Earle stayed at the Hodges Center while Barbara was recovering at the hospital. She had hoped he could continue to live with her once she returned, but it soon became apparent that he needed more care than she was able to give him.

"I sort of dumped him there precipitously - he knew he'd have to go over there eventually, but not tomorrow," she said. "I was told I could come back here with a caregiver, or I could go over to Hodges to recover; I stayed over there for three months. That way, he didn't feel dumped with them; I saw him every day, they brought him to visit me every day, he went with me to therapy every day, we ate lunch together - we were just together over there for the whole three months, and that made it so much easier."

In 2008, Barbara was in a serious car accident and contracted a form of MRSA.

"I came within two antibiotic pills of dying," she said. "I had to wonder why I was allowed to live through that. It would have been just as easy for me to die - I was in the hospital from Aug. 18 to Nov. 2, and I still came home before they were ready for me to come. After I realized how close I came to dying and what that would have meant for Earle, because at the time of the wreck we didn't know about his Alzheimer's, I realized that because he was such a good Christian and so willing to serve God that God knew he would need a partner to help him fulfill all that he could be.
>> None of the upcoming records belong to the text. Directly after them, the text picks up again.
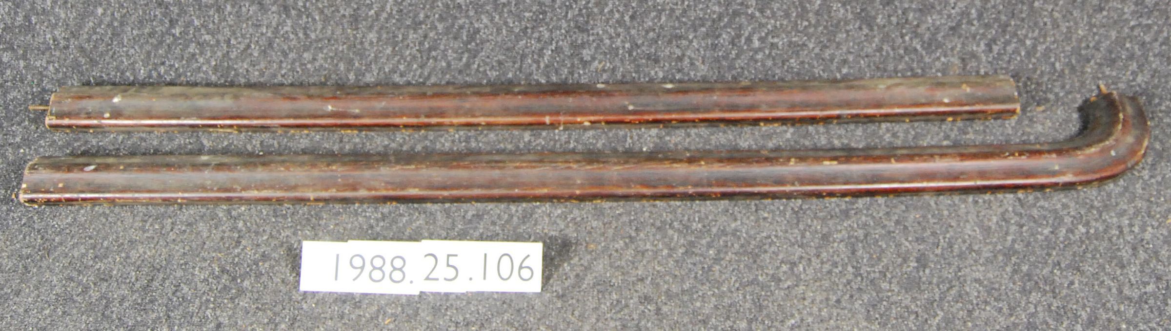 One lot of two stair handrails. Compound molding profile. One section has J-shaped return with iron belt. Other rail has attached lag bolt. Made of ash wood. Varnished.
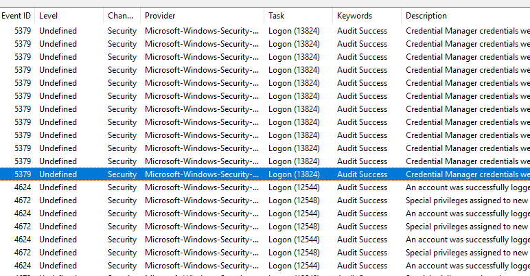 When reviewing security.txt, we found that every event — even logon events — had the same category: User Account Management
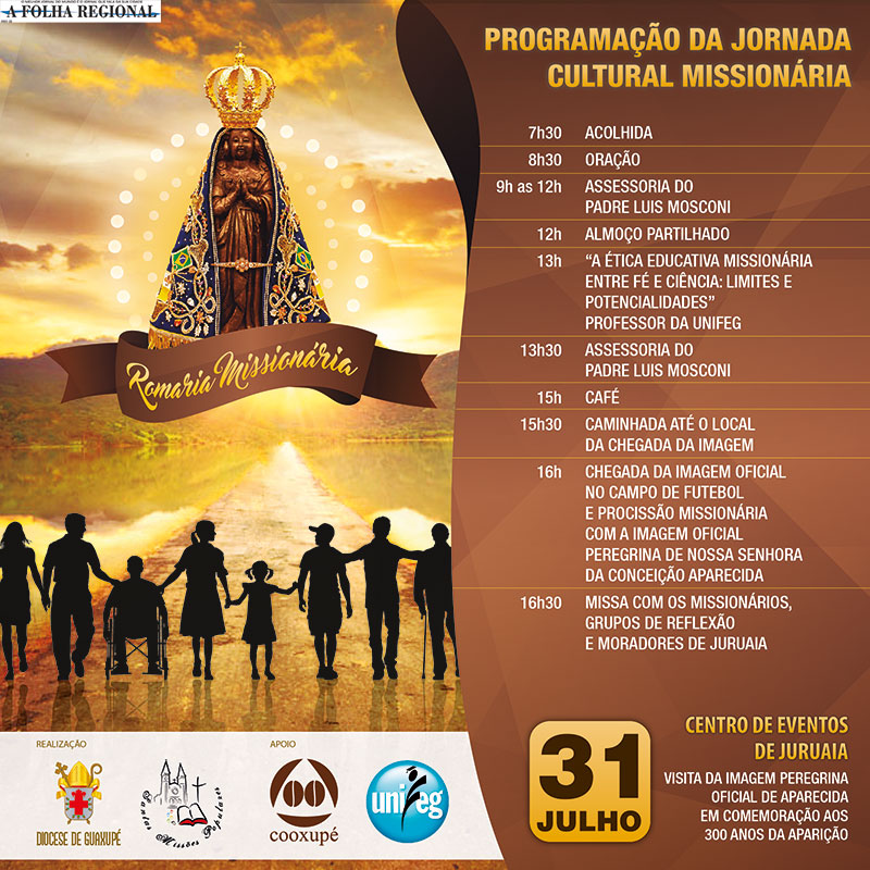 Num clima festivo e de muita devoção, a imagem de Nossa Senhora Aparecida trazida do Santuário Nacional na terça-feira (26), saiu em carreata acompanhada pelo Corpo de Bombeiros da Praça da Igreja Matriz, às 15 horas deste domingo (31) até o Centro de Eventos em Juruaia. Conduzida pelo bispo diocesano, dom José Lanza, e com a presença de alguns padres e muitos fiéis, a imagem chegou depois em um ambiente festivo e de muita fé.
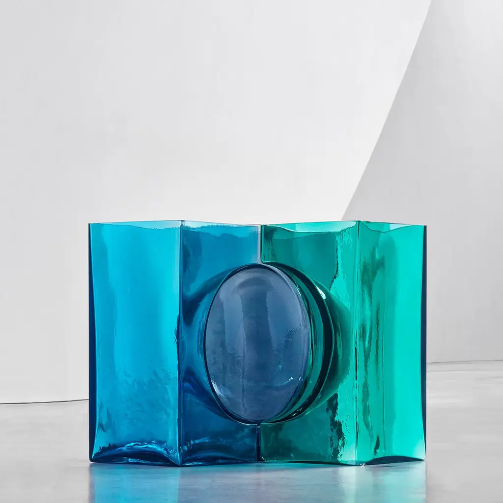This dynamic sculpture by artist Tadao Ando is a superb testament to the timelessness and versatility of blown glass. Two square planes in blue and mint-green meet at a right angle to reveal a sphere seemingly emerging from the intersection. This sculpture is part of a limited edition series of 30 pieces made by the artist.
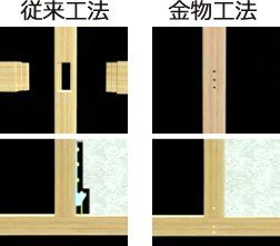 しかし、在来軸組工法では、柱と梁の仕口加工として、柱に2方向以上の彫り込み(断面欠損)が行なわれていました。
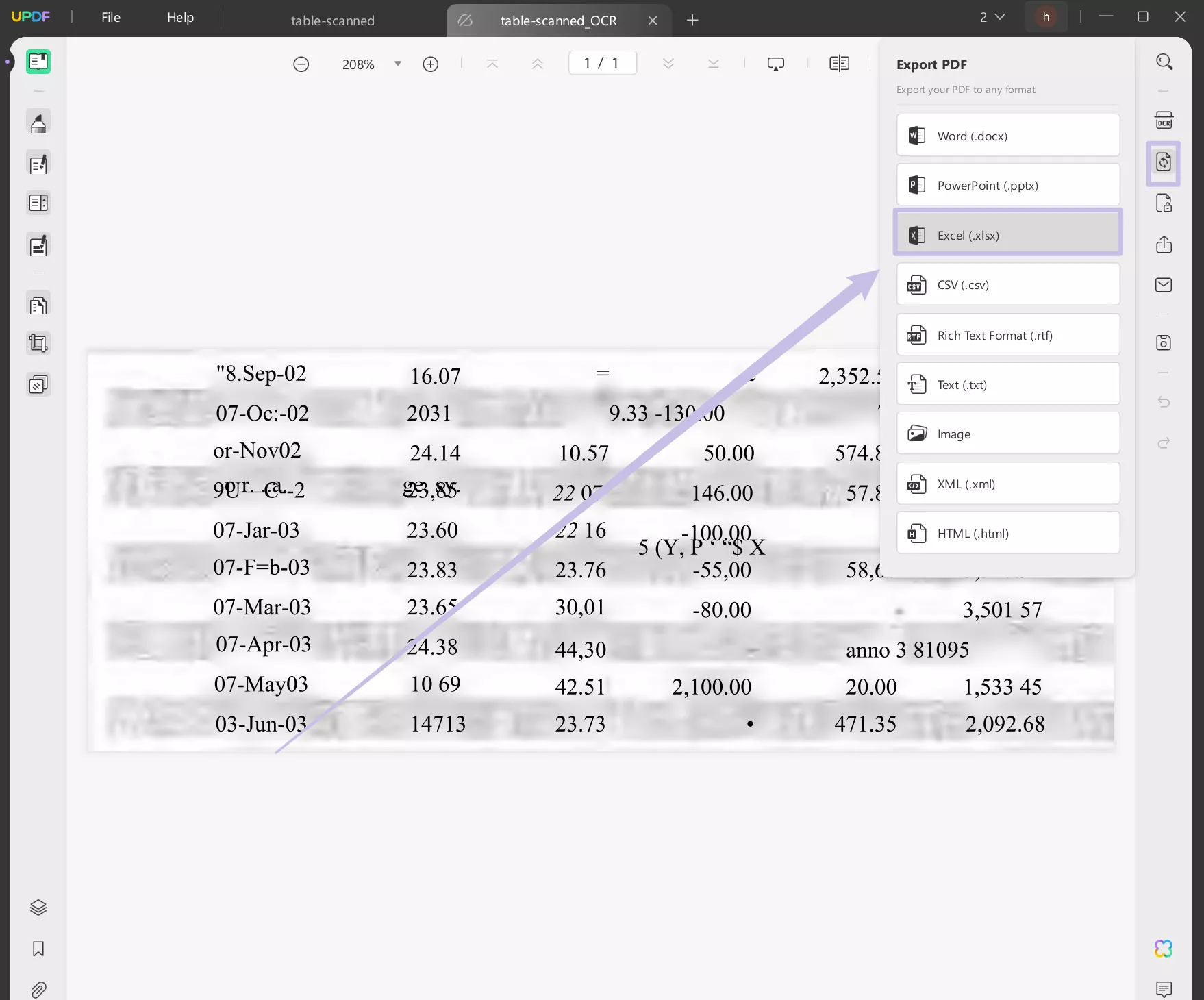 If you find the scanned table is blurry and the result is not accurate, you can use UPDF's AI assistant to convert scanned PDF to Excel. Here is the guide.
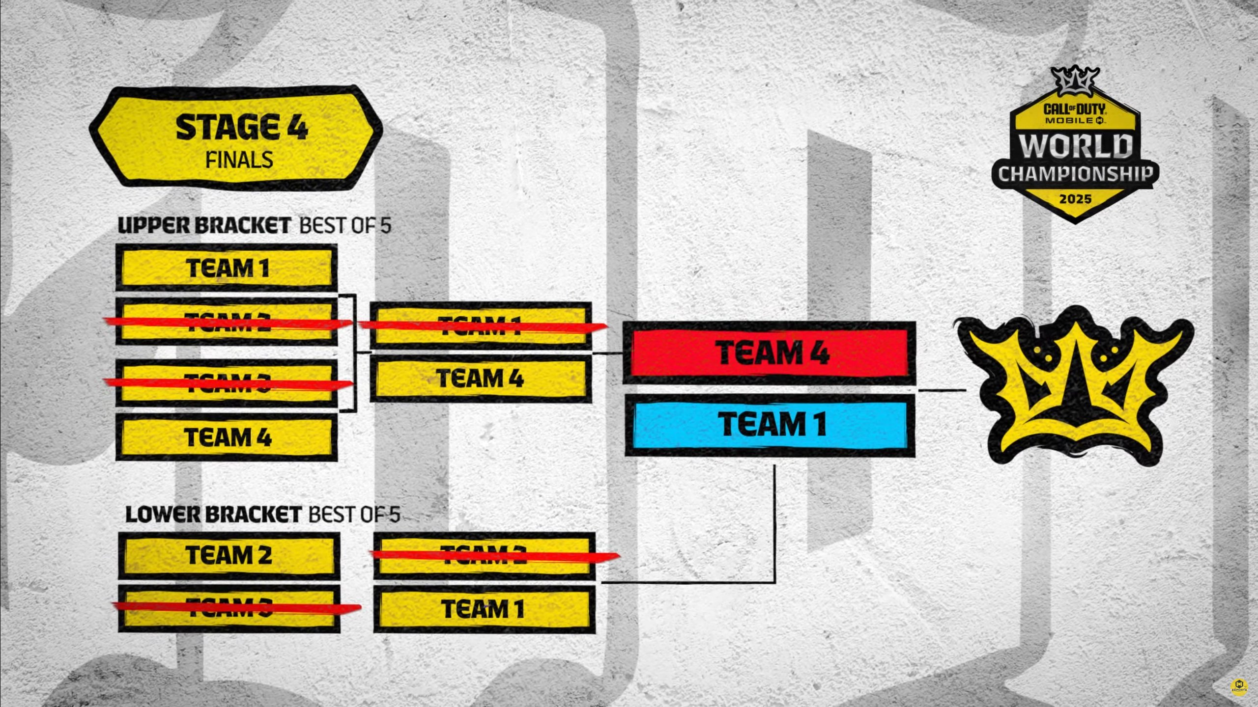The top two from each region will then compete in the stage four finals. In the playoffs stage, the remaining top four will then play a double-elimination bracket to determine the 2025 COD Mobile world champions.
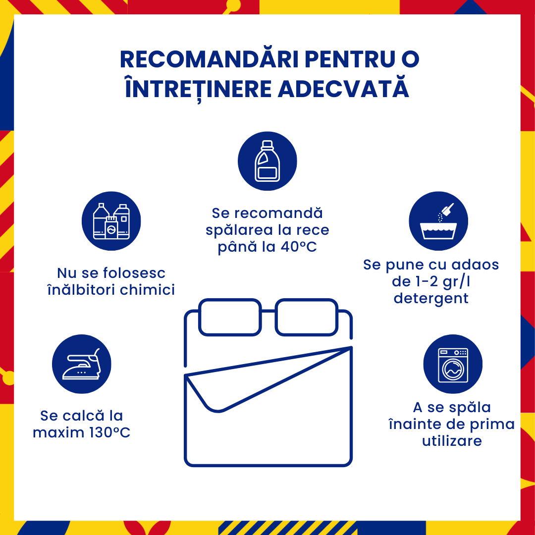 Materialul este de o foarte buna calitate fiind tratat antisifonare, iar astfel nu necesita calcare. Tesatura fiind moale si usoara, lasa pielea sa respire in timpul somnului. Lenjeria este foarte usor de intretinut, nu intra la apa, iar culorile se pastreaza in timp.
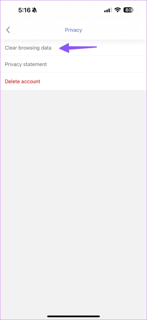 مرحله 2: Privacy را انتخاب کنید. مرحله 3: روی Clear browsing data ضربه بزنید.
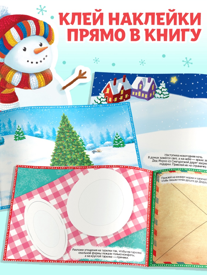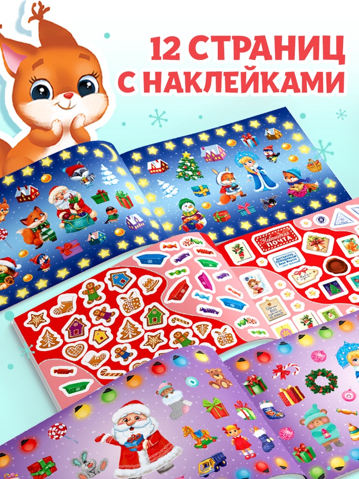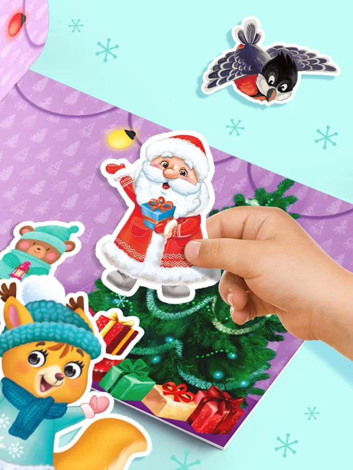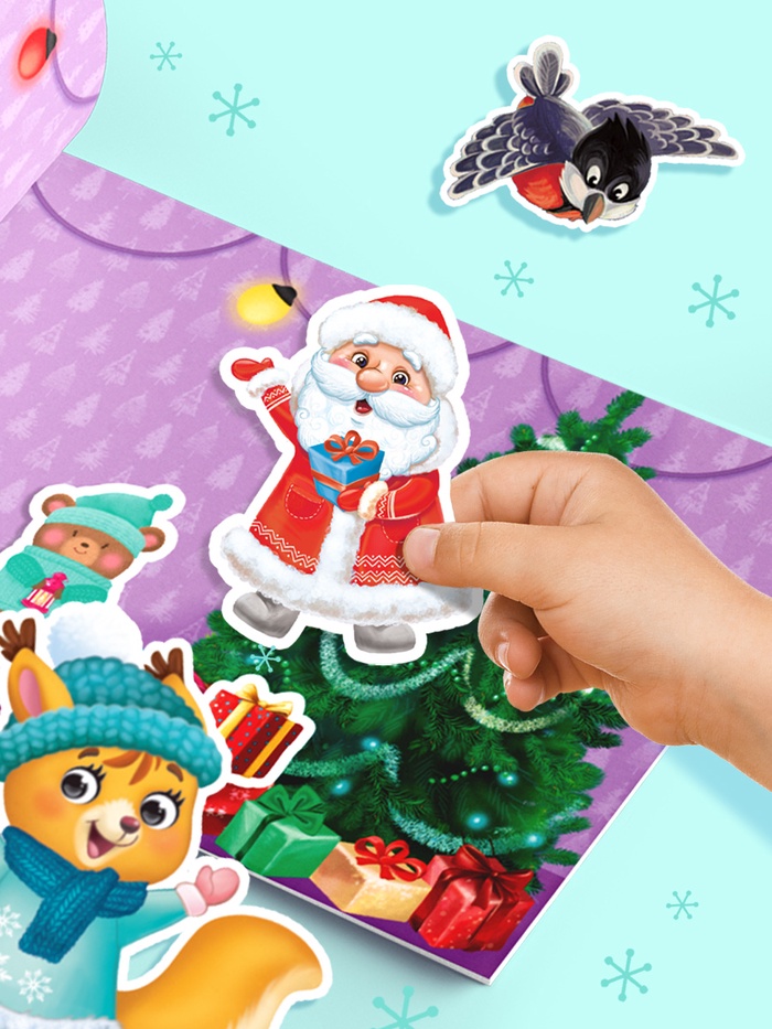 С набором новогодних наклеек малыш весело и интересно проведёт время в ожидании праздника и потренирует важные навыки.

I will always firmly believe that is why I didn't die."

Barbara describes her husband as charming and bright - so bright that many of his fellow residents at Edgewood Summit didn't know about his Alzheimer's until he left to live at Hodges. His blue eyes are still bright, and he talks with authority, though his speech is sometimes garbled. On the day she goes to visit him, Barbara hasn't been to Hodges in nearly three weeks, after a serious cold kept her away on her doctor's orders.

Sometimes she worries that Earle will forget her. When she sees him, she tells him that it's been "such a long time" since she's seen him.

Earle looks at her and says confidently, "We can fix that."